Let us tuple mpi with φ, and turn them into one fold. Let `⟨ f , g ⟩ x = (f x, g x)`

, we derive:

```
max# ∘ p ◁ ∘ inits
= { f = fst ∘ ⟨ f , g ⟩, see below}
fst ∘ ⟨ max# ∘ p ◁ ∘ inits , φ ⟩
= fst ∘ foldr step ([], ι)
```

where `step`

is given by

```
step x (xs, b)
| f x b = (x : xs , x ⊗ b)
| f x ι = ([x], x ⊗ ι)
| otherwise = ([], ι)
```

Notice that the property `f = fst ∘ ⟨ f , g ⟩`

is true when the domain of `f`

is in the domain of `g`

, in particular, when they are both total, which again shows why we prefer to work in a semantics with total functions only.
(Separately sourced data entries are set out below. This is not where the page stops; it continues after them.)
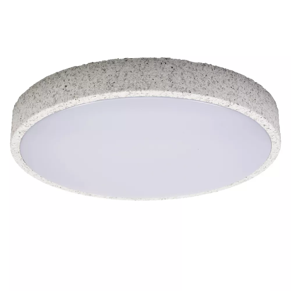 luminaire sufitowa LED z metalową ramą z piaskowanego kamienia. Cechy produktu: Stopień ochrony: IP20. Trwałość: do 30 000 h. Wersja z możliwością ściemniania: ściemnianie trzypoziomowe przełączane poprzez wielokrotne przełączanie. Temperatura barwowa: 3000 K (Warm White - ciepłobiała). Obudowa z metalu, klosz z PMMA. Zalety produktu: Stylowy i nowoczesny wygląd. Łatwy montaż i użycie. Dłuższa trwałość dzięki technologii LED. Obszary zastosowań: Oprawy do użytku wewnętrznego. Pomieszczenia prywatne (pokoje dzienne, jadalnie, sypialnie itp.). Wyposażenie / Akcesoria: Śruby i kołki montażowe dostarczone w zestawie. Porady dotyczące bezpieczeństwa: Podczas przeprowadzania instalacji i czynności serwisowych oraz zdejmowania klosza oprawę oświetleniową należy odłączyć od zasilania. Sprawdź przydatność ściany i sufitu. Jeśli nie jesteś pewien, zasięgnij profesjonalnej porady.. Produkt w klasie ochrony I. Wszystkie przewodzące prąd, metalowe części obudowy, które mogą absorbować napięcie podczas pracy lub podczas konserwacji w przypadku awarii, muszą być stale PODŁĄCZONE do przewodu uziemiającego.. Wszystkie podłączenia elektryczne muszą być wykonane przez osobę wykwalifikowaną.. Uwaga, ryzyko porażenia prądem..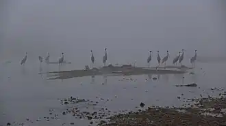 The silt and nutrients deposited in the reservoir favour the growth of reed beds, which provide shelter for several endangered species. The habitat of the reservoir and its surroundings is important for resident, wintering and migrating wetland birds, comprising 45 different bird species.[4] Five of these are globally threatened species.[7] The surrounding cultivated land also provides habitat for a large numbers of birds. Some of the notable species documented in the area include:[5]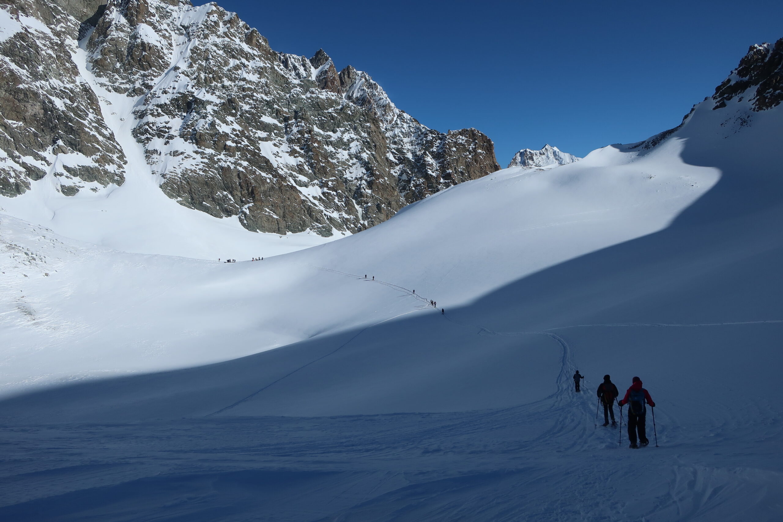 Il secondo giorno si raggiunge il Colle Collon (m3114) previa una perdita di dislivello nei pressi del rifugio e qui si piega in direzione ovest sino al raggiungimento del Colle dell’Eveque (m3390); da questo secondo colle si punta alla vicina Becca d’Oren raggiungendo il suo pendio sud-est nel suo lato sx (vicino alla cresta est-sudest) e lo si risale brevemente sbucando praticamente in cima; quest’ultimo tratto è il più ripido.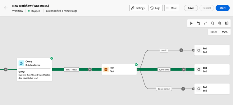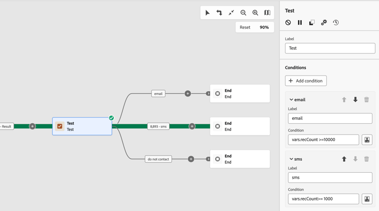為此,已在「電子郵件」和「簡訊」條件中運用 vars.recCount 事件變數,以計算目標設定檔的數量並啟用適當的轉變。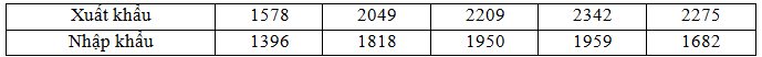 nếu không suy luận logic được thì tính tỉ trọng giá trị xuất khẩu, nhập khẩu theo công thức tính tỉ trọng thành phần trong một tổng để đưa ra kết luận
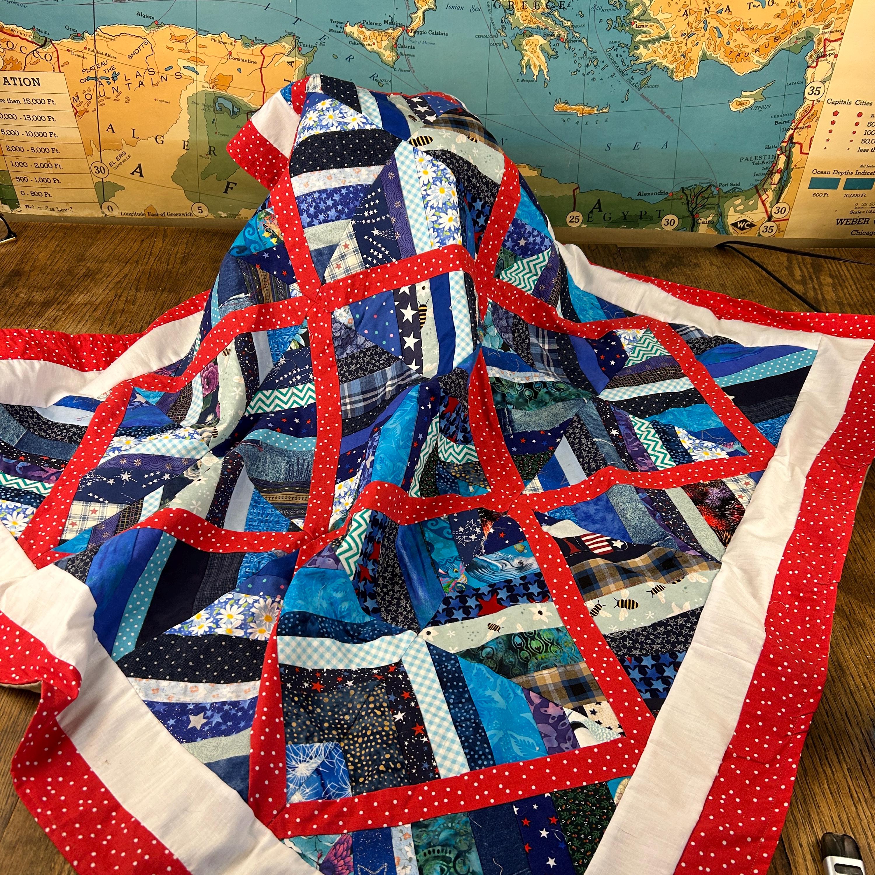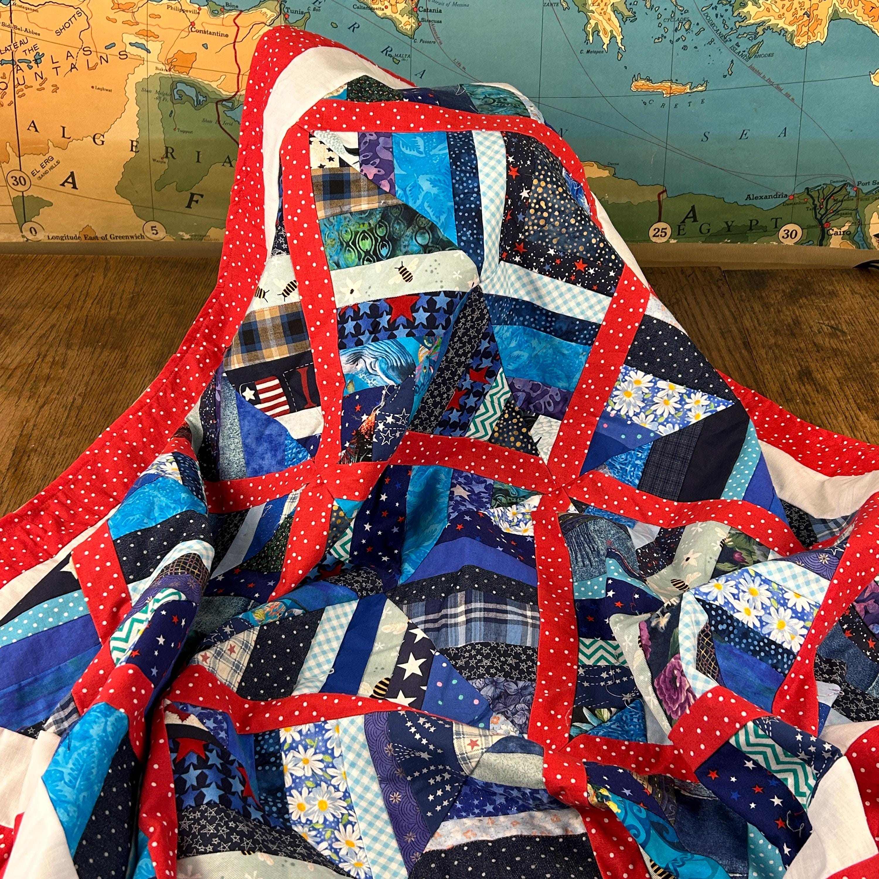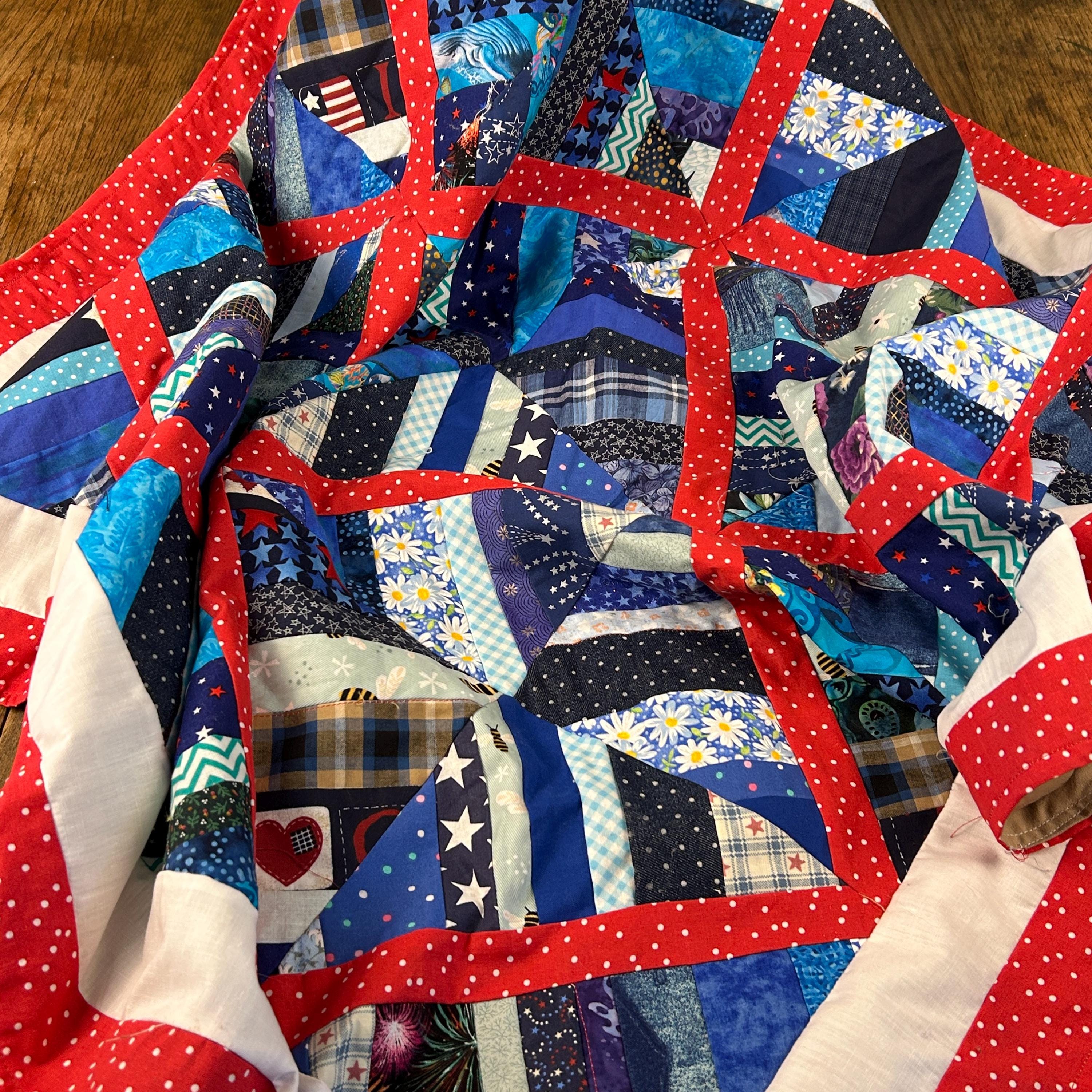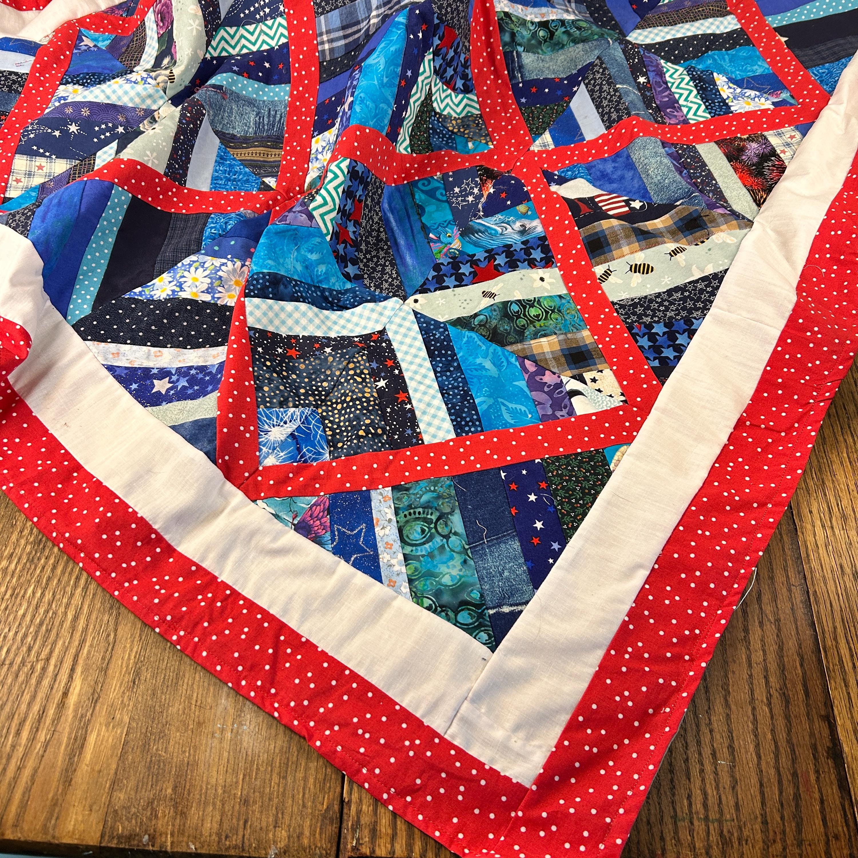 The use of various blue, white, and red fabrics, including patterns like stars and stripes, contributes to a patriotic aesthetic, commonly associated with "Quilts of Valor" which are made to honor service members.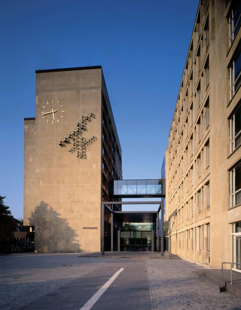 Durch die Neuordnung des Haupteingangs über ein zentrales, klar markiertes Eingangsgebäude werden die Wege in und durch das Rathaus vereinfacht. Die Schaffung von zusätzlichen Flächen durch einen Erweiterungsbau bietet die Möglichkeit ausgelagerte Dienste in das Rathaus zurückzuholen. Der Erweiterungsbau nimmt in seiner Fassadenstruktur die Gliederung und Materialität des Bestands auf, interpretiert diese jedoch in zeitgemäßer Form.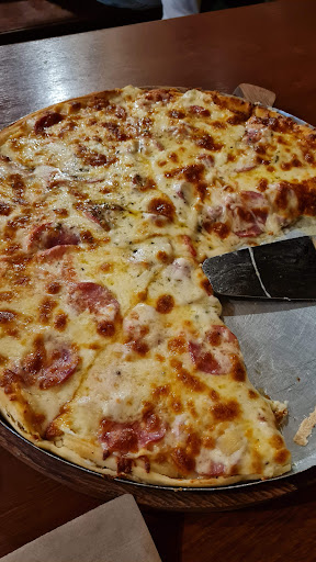 Read moreO lugar é simples, mesas com bancos rústicos sem encosto para as costas. O atendimento é simpático. Pedi uma pizza grande de calabresa (com massa de aipim) para um casal. A pizza é suculenta e não conseguimos comê-la toda, levamos para viagem umas 2 ou 3 fatias. Confesso que não percebi muita diferença na massa de aipim, parece uma massa normal, mas tive a mesma impressão numa outra pizzaria que visitei em Lumiar, realmente não sei exatamente qual é a diferença para a massa de aipim. Em resumo, foi uma boa pizza, mas nada de especial para destacar na...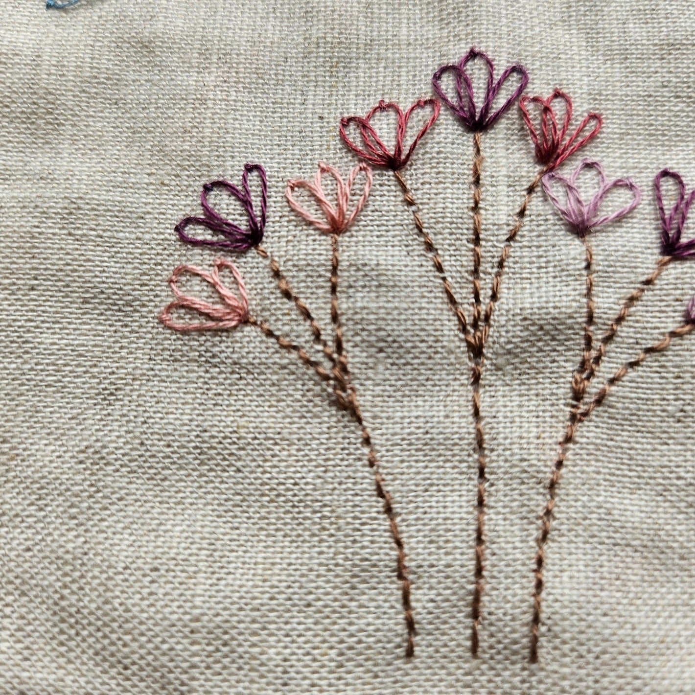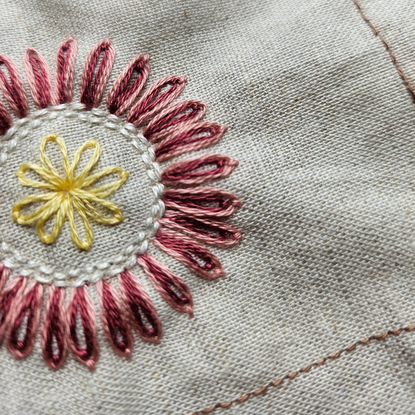 "My Stitch Sampler" is designed for the beginner and the more advanced stitcher...it will take you through the very basic stitches, on to slightly more advanced ones, all designed to give you a selection of 40 stitches to create lovely flower stitchies...many of which I use in my stitchies, along with some new ones. The "sampler" will be an 11 month subscription...each month, for the first 10 months, you will receive full instructions for four new stitches, with labels for the journal stitchies...we will use these four stitchies to create a page in the fabric journal...for the eleventh month you will receive instructions for the cover page and construction of the fabric journal. There will be 10 pages of stitched designs, and a cover page...at the end you will have a beautiful journal of stitchies, all labeled with the stitch that each stitchie is highlighting. If you have friends new to stitching, this would be perfect for them to learn a great selection of new stitches.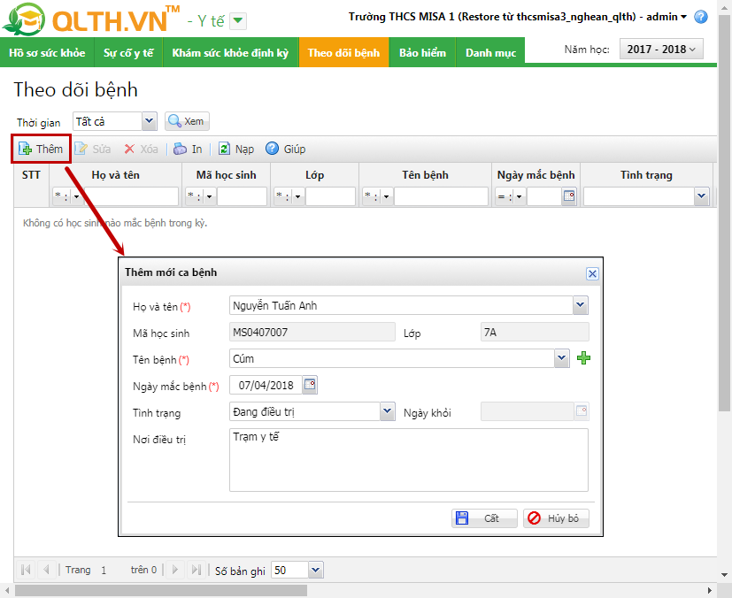 Phần mềm QLTH.VN cho phép cán bộ y tế ghi nhận lại các bệnh phát sinh đối với học sinh mà cần theo dõi và quản lý như Chân tay miệng, Sốt virút,….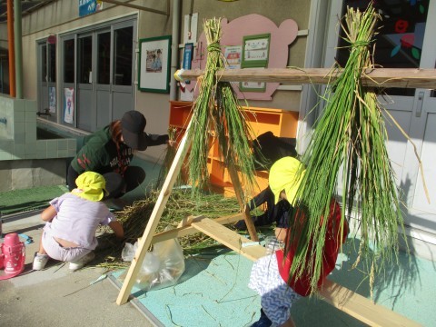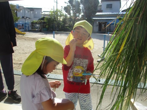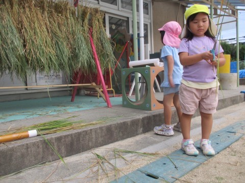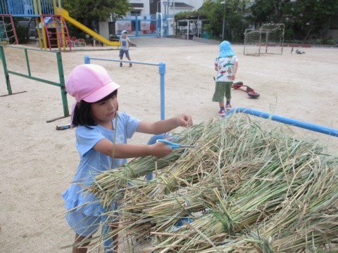 稲刈りをしている地域の方から藁を分けていただけると聞き、今日預かり保育に来ている子どもたちと一緒にいざ田んぼへ!たくさんの藁をいただいて幼稚園に持ち帰りました。早速藁を干せるように教師が束ねている傍らで、子どもたちは「みっけ!」と大忙し。どうやら藁についている稲穂を見つけては集め始めていました。そのうち稲穂は子どもたちの中で『お宝』になっていて、「お宝あったー!」そして1粒1粒稲穂から切り離して集めていることに驚きました。お米って1粒1粒が大切ですね。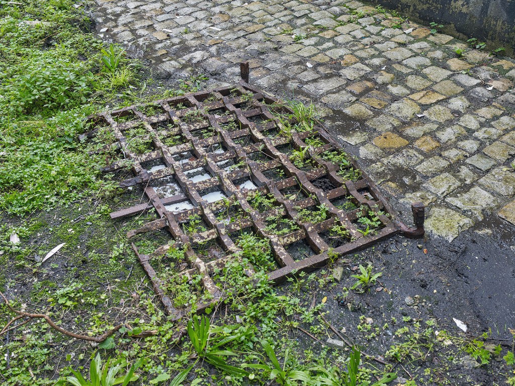 Vue d'une grille de fenêtre tombée dans la cour ouest. Ces grilles étaient scellée au plomb dans le granite. Avec la corrosion, le fer gonfle et fait éclater le granite et le scellement...Immatriculation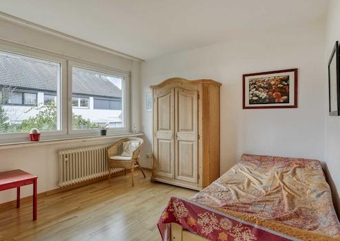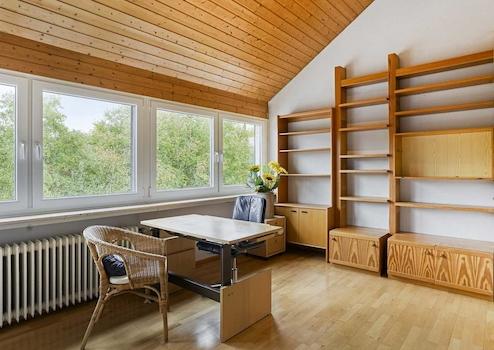- Fliesen im Eingangsbereich, der Küche und den Sanitärbereichen; Buchenparkett in der Diele, dem Wohnzimmer und den Schlafräumen; Textilboden bzw. Estrich im Untergeschoss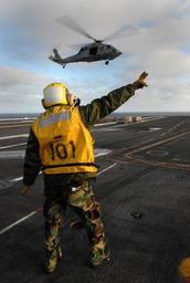 | Keywords: US Navy 080109-N-0640K-005 Aviation Boatswain's Mate (Handling) 3rd Class Alexis Fernandez directs an MH-60S Seahawk helicopter, assigned to the.jpg en PACIFIC OCEAN Jan 9 2008 Aviation Boatswain's Mate Handling 3rd Class Alexis Fernandez directs an MH-60S Seahawk helicopter assigned to the Blackjacks of Helicopter Sea Combat Squadron HSC 21 during an ammunition on load aboard the Nimitz-class nuclear-powered aircraft carrier USS Ronald Reagan CVN 76 Ronald Reagan is underway in the Pacific Ocean conducting routine carrier operations U S Navy photo by Mass Communication Specialist 2nd Class Jennifer S Kimball Released 2008-01-09 080109-N-0640K-005 Navy http //www navy mil/view_image asp id 54377 U S Navy photo by Mass Communication Specialist 2nd Class Jennifer S Kimball PD-USGov-Military-Navy Aviation Boatswain's Mates Handlers Flight deck of USS Ronald Reagan CVN-76 MH-60S Seahawk Helicopter Sea Combat Squadron 21 United States Navy |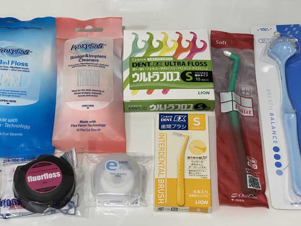 ・歯間ブラシ:歯と歯の間が少し広い方向け。サイズ選びが重要なので、できれば衛生士に相談を。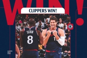 賽后快船發(fā)布贏球海報,洛佩斯和鄧恩登上封面。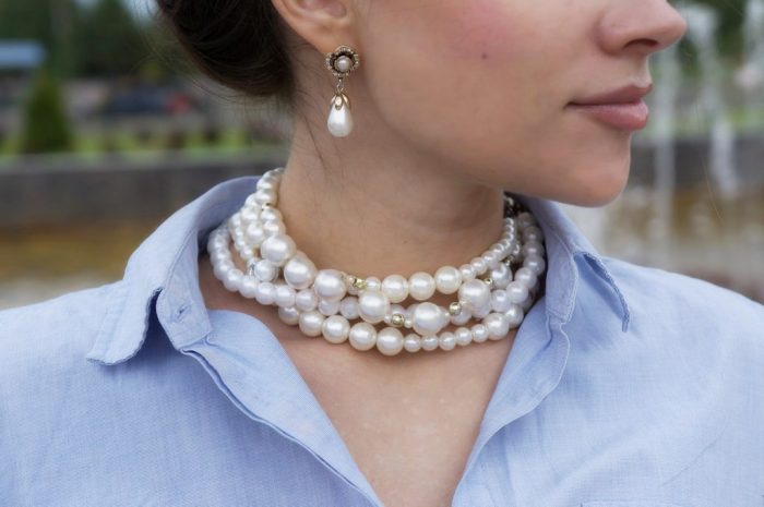 Удачно подобранное украшение оживит скучный образ. Например, асимметричные жемчужины разной формы, собранные в одно колье, смотрятся свежо и кокетливо. Привлекают внимание серьги, где камни идут по кругу, а также минималистичные варианты, где всего одна, но крупная жемчужина.

Let us restart the main derivation again, this time use the tupling:

```
max# ∘ p ◁ ∘ segs
= max# ∘ map (max# ∘ p ◁ ∘ inits) ∘ tails
= max# ∘ map (fst ∘ ⟨ max# ∘ p ◁ ∘ inits , φ ⟩) ∘ tails
= { since map# ∘ map fst = fst ∘ map#', see below}
fst ∘ max#' ∘ map ⟨ max# ∘ p ◁ ∘ inits , φ ⟩ ∘ tails
= { derivation above }
fst ∘ max#' ∘ map (foldr step ([], ι) ∘ tails
= fst ∘ max#' ∘ scanr step ([], ι)
```

where `map#'`

compares the lengths of the first components. This is a linear-time algorithm.

### Next… Windowing?

What if `p`

is not overlap-closed? Zantema used a technique called *windowing*, which I will defer to next time…

### Reference

- H. Zantema. Longest Segment Problems Sci. Comput. Program. 18(1): 39-66 (1992).